# what kind of tree?



## horsecrazygirl13 (Jul 16, 2012)

Hi we have lots of trees bordering our paddock and I dont know what kind they are but thier seeds look something like this:
does anyone have an idea what kind of trees they are and if they are toxic to horses? thanks.


----------



## Speed Racer (Oct 21, 2009)

Those are maples. Shouldn't be toxic to horses.


----------



## horsecrazygirl13 (Jul 16, 2012)

Speed Racer said:


> Those are maples. Shouldn't be toxic to horses.

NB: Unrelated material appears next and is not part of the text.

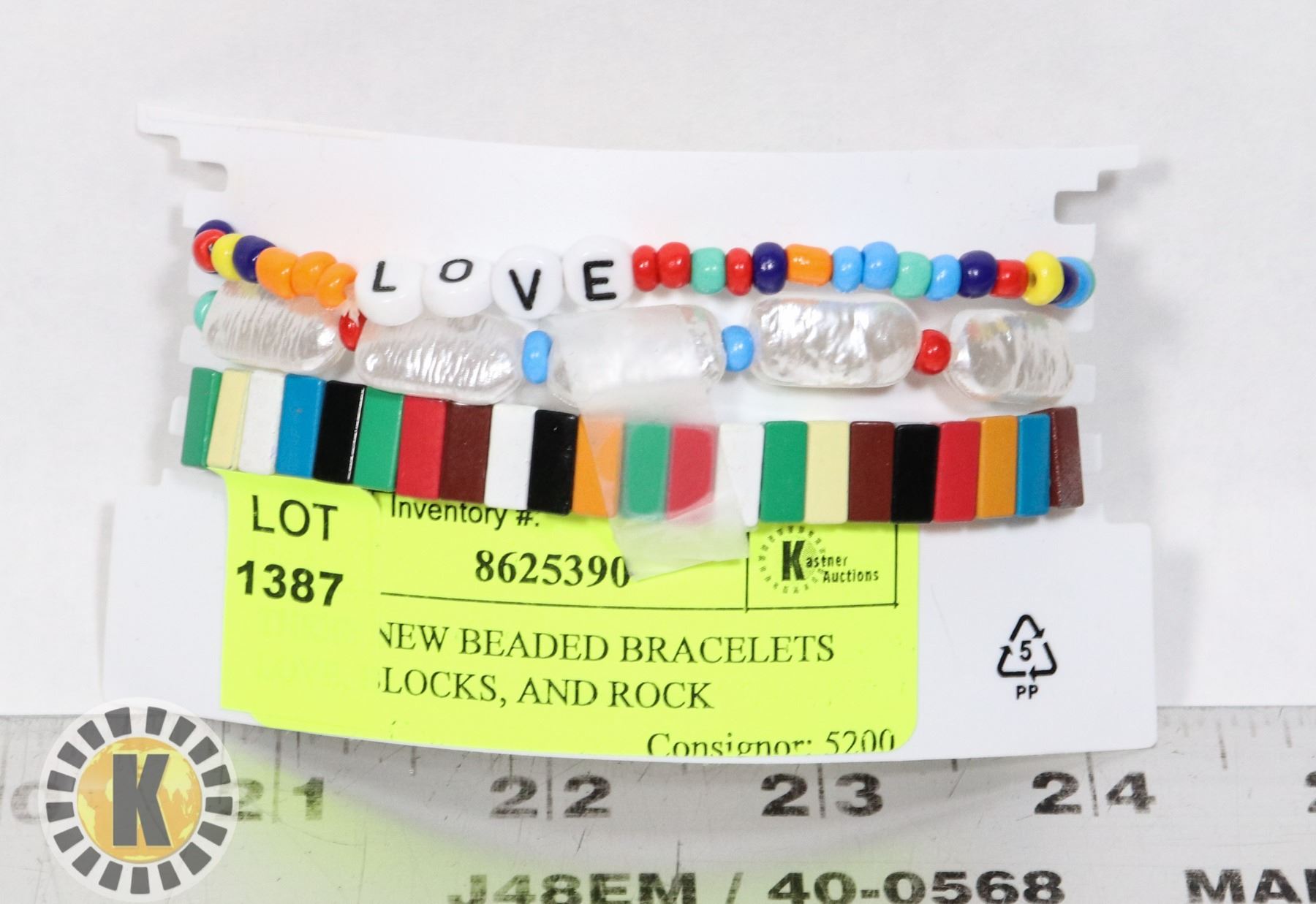 THREE NEW BEADED BRACELETS LOVE, BLOCKS, AND ROCK

 Maples? I didnt know that. their leaves dont look like maple, though. (shrugs) well, maybe its a different kind then. thanks for the fast reply seedracer.


----------



## Fulford15 (Oct 17, 2012)

As long as it's not a Red Maple Tree it should be fine... Red Maple Tree's are very toxic to horses.


----------



## jaydee (May 10, 2012)

The red maple is poisonous to horses - yours probably isnt but you should check the leaves which are different as I think the seeds are very similar
http://www.agnr.umd.edu/news/article.cfm?id=0fbcf86f0a5a5a8f00808e07078e1e43


----------



## smrobs (Jul 30, 2008)

Are the seeds more of a beige color all over (with some green tints) or do they have a pinkish hue?

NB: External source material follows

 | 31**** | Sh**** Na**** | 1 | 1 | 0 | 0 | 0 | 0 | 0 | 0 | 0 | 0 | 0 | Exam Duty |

I would be dang sure double checking the leaves to make sure that it wasn't a red maple. If it's a regular maple, though, it's fine.


----------



## Speed Racer (Oct 21, 2009)

I was going off the color the OP posted. Red maple seeds have a red tinge to them. Regular maples aren't toxic.

I have a black cherry tree that needs cutting down. I'm getting ready to fence in the area where it's located, and I don't want my horses chewing on the tree or eating the fruit. Black cherry is also highly toxic to horses.


----------



## horsecrazygirl13 (Jul 16, 2012)

smrobs said:


> Are the seeds more of a beige color all over (with some green tints) or do they have a pinkish hue?
> 
> I would be dang sure double checking the leaves to make sure that it wasn't a red maple. If it's a regular maple, though, it's fine.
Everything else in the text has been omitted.